Your meeting cheat sheet

Ask: Why blockchain instead of a normal database? Who controls the smart contracts? Who holds private keys? Can transactions be reversed? What fees will users see? What compliance rules apply? What happens if liquidity disappears?

Be especially careful with yield, guaranteed value, vague decentralization claims, and token launches where nobody can explain the utility without using five new buzzwords.

Practice Scenario

Blockchain fit review

A team wants to launch a token-based membership product and says it must be Web3 to feel innovative.

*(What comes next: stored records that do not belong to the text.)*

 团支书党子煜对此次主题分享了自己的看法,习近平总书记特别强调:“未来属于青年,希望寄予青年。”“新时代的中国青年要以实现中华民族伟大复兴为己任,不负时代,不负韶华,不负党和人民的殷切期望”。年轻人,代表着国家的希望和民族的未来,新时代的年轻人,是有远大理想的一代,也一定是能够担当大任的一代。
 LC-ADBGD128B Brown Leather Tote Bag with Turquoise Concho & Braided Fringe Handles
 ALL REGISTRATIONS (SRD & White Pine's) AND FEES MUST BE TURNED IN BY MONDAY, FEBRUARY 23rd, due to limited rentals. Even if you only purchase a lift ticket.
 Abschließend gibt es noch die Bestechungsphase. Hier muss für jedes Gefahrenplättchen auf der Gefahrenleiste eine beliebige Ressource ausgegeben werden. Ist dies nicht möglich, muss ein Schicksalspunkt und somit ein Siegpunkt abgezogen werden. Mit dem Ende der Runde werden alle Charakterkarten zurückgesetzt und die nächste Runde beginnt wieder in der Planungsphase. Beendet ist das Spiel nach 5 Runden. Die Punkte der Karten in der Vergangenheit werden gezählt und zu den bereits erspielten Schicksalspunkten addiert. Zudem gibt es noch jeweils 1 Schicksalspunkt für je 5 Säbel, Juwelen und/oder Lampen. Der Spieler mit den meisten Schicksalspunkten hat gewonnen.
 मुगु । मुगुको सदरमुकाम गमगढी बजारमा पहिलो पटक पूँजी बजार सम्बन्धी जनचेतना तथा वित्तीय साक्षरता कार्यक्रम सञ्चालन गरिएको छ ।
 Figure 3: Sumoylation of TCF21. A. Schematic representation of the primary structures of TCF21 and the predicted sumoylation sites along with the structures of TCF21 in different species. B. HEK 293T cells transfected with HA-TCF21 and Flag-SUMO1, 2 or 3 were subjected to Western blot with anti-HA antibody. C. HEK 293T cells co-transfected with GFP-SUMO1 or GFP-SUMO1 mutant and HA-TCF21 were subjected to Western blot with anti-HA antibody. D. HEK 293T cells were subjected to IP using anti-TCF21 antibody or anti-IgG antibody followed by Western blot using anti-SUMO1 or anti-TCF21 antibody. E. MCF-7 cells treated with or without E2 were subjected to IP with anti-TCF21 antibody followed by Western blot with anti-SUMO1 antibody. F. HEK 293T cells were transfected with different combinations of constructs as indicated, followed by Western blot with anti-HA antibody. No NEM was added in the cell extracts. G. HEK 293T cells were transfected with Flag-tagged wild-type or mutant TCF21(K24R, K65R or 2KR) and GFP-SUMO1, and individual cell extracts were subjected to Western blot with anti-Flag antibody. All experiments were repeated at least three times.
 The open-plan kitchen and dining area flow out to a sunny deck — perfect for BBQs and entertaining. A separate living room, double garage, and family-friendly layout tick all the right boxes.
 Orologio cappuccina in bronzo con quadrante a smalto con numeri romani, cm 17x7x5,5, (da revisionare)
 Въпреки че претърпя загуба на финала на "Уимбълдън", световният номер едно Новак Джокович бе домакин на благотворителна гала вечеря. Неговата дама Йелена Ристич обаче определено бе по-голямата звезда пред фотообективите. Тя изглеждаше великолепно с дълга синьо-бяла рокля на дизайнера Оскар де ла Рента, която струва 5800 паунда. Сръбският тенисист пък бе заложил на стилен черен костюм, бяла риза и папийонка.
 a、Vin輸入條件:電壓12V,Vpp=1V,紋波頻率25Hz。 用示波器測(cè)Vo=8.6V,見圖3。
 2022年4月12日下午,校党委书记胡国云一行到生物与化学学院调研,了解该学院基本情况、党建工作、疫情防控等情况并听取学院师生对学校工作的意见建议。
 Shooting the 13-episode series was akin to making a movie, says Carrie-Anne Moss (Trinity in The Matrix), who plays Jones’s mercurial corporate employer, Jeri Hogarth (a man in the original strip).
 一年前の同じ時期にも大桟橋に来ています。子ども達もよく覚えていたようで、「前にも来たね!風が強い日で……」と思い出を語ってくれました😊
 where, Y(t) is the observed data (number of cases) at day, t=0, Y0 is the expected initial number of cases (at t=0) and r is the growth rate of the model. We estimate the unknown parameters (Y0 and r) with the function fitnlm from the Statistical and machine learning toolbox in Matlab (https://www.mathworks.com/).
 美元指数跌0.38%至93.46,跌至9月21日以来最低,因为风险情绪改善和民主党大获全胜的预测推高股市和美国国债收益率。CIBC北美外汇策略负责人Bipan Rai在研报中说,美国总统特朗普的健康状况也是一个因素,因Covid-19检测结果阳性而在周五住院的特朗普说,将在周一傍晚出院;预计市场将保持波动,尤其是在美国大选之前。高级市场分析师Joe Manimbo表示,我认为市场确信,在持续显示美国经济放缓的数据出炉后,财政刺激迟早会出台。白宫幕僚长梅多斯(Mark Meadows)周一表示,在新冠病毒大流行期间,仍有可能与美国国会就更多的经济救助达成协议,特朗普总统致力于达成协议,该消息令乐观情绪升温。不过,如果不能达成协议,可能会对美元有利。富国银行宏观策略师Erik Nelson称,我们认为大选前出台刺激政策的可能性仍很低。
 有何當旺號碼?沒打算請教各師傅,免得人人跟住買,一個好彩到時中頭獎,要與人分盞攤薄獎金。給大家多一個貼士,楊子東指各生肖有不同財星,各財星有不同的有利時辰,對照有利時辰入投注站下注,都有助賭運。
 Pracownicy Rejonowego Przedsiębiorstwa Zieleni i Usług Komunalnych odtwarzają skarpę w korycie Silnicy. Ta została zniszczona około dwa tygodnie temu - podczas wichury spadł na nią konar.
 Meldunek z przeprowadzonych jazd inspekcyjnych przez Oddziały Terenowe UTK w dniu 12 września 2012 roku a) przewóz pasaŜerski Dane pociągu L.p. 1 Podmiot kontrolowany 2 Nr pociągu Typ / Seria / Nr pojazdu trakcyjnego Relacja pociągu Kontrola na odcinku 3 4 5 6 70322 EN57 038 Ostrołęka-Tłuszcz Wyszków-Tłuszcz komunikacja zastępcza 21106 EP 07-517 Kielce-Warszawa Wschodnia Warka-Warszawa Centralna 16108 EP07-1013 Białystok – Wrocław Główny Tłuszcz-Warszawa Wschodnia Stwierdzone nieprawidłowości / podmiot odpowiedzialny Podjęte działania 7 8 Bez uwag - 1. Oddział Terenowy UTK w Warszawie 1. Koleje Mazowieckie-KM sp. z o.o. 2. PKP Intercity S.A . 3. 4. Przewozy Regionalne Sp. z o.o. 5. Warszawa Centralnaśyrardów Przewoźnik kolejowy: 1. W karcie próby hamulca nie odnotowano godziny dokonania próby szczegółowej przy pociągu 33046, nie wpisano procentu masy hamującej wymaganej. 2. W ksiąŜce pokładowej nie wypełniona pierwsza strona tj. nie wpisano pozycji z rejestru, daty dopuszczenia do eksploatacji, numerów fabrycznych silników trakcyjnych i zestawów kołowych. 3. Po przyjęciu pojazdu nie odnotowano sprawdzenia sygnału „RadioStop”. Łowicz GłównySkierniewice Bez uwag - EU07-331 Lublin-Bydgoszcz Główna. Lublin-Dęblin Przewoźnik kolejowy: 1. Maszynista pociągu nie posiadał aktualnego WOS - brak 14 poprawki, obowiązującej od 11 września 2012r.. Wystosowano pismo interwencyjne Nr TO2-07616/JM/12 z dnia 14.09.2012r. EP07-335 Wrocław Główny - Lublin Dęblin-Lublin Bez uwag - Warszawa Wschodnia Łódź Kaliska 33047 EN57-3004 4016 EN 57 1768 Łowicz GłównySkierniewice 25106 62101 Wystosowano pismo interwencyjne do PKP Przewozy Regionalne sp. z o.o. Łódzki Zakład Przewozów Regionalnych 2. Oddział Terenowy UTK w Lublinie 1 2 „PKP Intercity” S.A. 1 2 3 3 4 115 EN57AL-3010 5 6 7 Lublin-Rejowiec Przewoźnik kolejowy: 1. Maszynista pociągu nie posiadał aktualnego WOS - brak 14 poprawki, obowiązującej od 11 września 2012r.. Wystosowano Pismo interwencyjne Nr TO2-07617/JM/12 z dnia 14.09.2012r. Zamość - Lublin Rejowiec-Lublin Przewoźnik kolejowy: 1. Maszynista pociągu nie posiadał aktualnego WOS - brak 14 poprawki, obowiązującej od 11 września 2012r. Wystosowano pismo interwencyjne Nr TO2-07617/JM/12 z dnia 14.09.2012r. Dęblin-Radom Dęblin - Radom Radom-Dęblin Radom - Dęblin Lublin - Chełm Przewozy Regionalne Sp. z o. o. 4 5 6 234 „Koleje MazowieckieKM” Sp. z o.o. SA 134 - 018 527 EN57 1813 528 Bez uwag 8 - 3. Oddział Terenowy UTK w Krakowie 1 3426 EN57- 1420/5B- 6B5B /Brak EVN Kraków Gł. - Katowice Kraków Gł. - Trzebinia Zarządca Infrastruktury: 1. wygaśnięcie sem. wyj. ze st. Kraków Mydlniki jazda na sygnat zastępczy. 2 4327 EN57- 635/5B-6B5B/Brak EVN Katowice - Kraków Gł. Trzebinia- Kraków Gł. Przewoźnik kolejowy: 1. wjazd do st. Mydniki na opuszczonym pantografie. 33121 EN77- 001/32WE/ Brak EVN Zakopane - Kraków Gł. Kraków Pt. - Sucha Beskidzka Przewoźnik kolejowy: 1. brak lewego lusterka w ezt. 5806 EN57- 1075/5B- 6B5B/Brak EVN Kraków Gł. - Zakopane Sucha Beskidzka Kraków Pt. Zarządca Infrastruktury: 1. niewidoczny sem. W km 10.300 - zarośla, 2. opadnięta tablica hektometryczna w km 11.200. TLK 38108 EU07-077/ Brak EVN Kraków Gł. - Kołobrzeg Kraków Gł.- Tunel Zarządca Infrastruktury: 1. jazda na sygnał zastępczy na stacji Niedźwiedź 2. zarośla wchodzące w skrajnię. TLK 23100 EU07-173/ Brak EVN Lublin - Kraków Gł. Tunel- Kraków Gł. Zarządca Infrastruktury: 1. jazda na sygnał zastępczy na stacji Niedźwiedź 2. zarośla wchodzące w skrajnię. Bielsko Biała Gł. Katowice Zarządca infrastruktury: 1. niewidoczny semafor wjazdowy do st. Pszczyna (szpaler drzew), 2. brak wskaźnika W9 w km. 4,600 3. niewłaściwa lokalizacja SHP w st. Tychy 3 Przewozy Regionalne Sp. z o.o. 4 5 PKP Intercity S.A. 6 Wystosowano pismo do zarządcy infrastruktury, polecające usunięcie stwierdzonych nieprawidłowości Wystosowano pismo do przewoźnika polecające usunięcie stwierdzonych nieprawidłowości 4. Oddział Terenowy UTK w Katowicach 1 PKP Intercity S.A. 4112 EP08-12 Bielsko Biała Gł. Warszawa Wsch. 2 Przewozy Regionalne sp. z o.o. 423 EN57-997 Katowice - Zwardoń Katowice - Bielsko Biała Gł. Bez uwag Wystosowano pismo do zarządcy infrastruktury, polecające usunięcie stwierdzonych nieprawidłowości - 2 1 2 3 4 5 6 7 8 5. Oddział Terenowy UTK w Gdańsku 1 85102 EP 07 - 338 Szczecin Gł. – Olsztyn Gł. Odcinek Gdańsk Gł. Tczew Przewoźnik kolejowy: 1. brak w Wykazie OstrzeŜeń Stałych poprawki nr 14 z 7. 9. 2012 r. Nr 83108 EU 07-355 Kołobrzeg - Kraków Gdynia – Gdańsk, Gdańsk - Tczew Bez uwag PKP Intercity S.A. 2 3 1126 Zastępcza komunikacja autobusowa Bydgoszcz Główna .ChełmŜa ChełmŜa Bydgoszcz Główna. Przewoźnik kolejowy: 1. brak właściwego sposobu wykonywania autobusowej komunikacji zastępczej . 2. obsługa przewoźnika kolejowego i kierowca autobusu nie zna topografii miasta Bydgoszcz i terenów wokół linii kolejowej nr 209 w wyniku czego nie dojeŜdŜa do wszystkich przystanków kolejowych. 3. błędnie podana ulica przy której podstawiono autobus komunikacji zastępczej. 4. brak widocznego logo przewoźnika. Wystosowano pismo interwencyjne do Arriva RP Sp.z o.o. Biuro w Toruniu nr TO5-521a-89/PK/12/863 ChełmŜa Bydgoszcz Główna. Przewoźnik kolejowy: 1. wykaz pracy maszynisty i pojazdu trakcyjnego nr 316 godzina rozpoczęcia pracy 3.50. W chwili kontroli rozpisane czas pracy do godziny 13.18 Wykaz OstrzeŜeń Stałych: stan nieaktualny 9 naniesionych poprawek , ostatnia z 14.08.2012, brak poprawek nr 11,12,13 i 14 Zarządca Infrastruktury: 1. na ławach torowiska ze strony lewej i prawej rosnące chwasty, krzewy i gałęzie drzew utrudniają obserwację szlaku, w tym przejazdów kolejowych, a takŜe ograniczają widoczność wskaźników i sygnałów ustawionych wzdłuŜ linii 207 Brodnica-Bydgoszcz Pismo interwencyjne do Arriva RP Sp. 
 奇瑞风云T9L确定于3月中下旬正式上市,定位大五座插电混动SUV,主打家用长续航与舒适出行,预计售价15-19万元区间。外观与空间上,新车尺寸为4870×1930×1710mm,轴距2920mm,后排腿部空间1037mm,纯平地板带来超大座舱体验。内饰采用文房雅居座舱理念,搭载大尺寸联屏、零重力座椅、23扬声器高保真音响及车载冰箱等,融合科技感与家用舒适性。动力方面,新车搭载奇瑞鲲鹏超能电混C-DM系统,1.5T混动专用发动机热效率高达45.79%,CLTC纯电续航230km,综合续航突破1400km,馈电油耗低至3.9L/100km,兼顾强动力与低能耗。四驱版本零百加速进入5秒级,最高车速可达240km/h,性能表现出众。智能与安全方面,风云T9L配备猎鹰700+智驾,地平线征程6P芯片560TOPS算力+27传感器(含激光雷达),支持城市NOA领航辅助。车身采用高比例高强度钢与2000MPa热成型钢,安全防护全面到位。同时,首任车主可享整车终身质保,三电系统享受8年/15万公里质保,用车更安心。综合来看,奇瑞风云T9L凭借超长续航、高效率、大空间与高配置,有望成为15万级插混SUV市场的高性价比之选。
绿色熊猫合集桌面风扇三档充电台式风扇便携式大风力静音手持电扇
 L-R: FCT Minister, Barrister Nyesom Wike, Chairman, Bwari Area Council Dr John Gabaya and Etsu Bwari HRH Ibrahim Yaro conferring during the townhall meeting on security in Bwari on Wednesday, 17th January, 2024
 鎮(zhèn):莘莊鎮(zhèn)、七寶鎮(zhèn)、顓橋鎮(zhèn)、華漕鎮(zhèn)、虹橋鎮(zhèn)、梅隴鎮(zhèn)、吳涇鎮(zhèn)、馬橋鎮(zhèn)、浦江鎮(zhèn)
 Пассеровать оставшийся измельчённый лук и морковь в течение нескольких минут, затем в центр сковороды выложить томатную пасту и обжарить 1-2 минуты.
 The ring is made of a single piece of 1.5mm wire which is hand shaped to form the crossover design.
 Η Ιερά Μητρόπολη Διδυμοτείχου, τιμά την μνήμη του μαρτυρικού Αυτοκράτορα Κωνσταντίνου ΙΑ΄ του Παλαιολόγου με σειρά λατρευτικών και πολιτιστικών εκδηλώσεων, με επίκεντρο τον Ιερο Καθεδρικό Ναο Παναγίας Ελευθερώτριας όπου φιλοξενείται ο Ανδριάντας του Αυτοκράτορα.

  • Explain why a blockchain may or may not be needed compared with a normal database or loyalty system.
  • List the custody, wallet, gas, support, compliance, liquidity, and user-experience questions you would ask before approval.
  • Identify which claims would need legal, financial, or security review before being published.
Key Takeaways
  • 1A blockchain is a shared ledger with rules for agreeing on transaction history.
  • 2Wallets control keys; they do not work like normal bank accounts.
  • 3Smart contracts automate rules, but bugs and bad design can be costly.
  • 4Tokens, NFTs, staking, DeFi, bridges, and DAOs all carry different risks.
  • 5The first Web3 question is not "can we?" but "why does this need a blockchain?"
Your Progress

In Progress

Mark complete when done

Take Quiz
Key Terms

Blockchain

A shared digital ledger where transactions are recorded in linked blocks and verified by a network.

Cryptocurrency

A digital asset recorded on a blockchain that can be transferred between participants.

Bitcoin

The first major cryptocurrency, designed as a decentralized digital asset and payment network.

Ethereum

A blockchain platform that supports smart contracts and decentralized applications.

Wallet

A tool that lets someone hold and use crypto assets by controlling private keys.

Private Key

A secret cryptographic key that proves control over crypto assets or wallet actions.

Public Key

A cryptographic identifier that can be shared publicly to receive assets or verify signatures.

Exchange

A marketplace or service where people buy, sell, trade, or custody crypto assets.

Stablecoin

A crypto asset designed to track the value of another asset, often the U.S. dollar.

Smart Contract

Code on a blockchain that automatically executes rules or transactions.

Gas

A transaction fee paid to run operations on a blockchain.

Staking

Locking or committing crypto assets to help secure a network or earn rewards.

Bridge

A tool for moving crypto assets or information between blockchains.

Liquidity

How easily an asset can be bought or sold without significantly moving its price.

DAO

Decentralized autonomous organization: a group that uses blockchain-based rules or voting to coordinate decisions.

Crypto Token

A digital asset issued on a blockchain that can represent value, access, governance, or utility.

Tokenomics

The economic design of a token, including supply, incentives, distribution, and utility.

DeFi

Decentralized finance: financial products built with blockchain-based protocols rather than traditional intermediaries.

NFT

Non-fungible token: a blockchain token intended to represent a unique item, right, or record.

Governance

The process for making decisions about changes, rules, funds, or direction.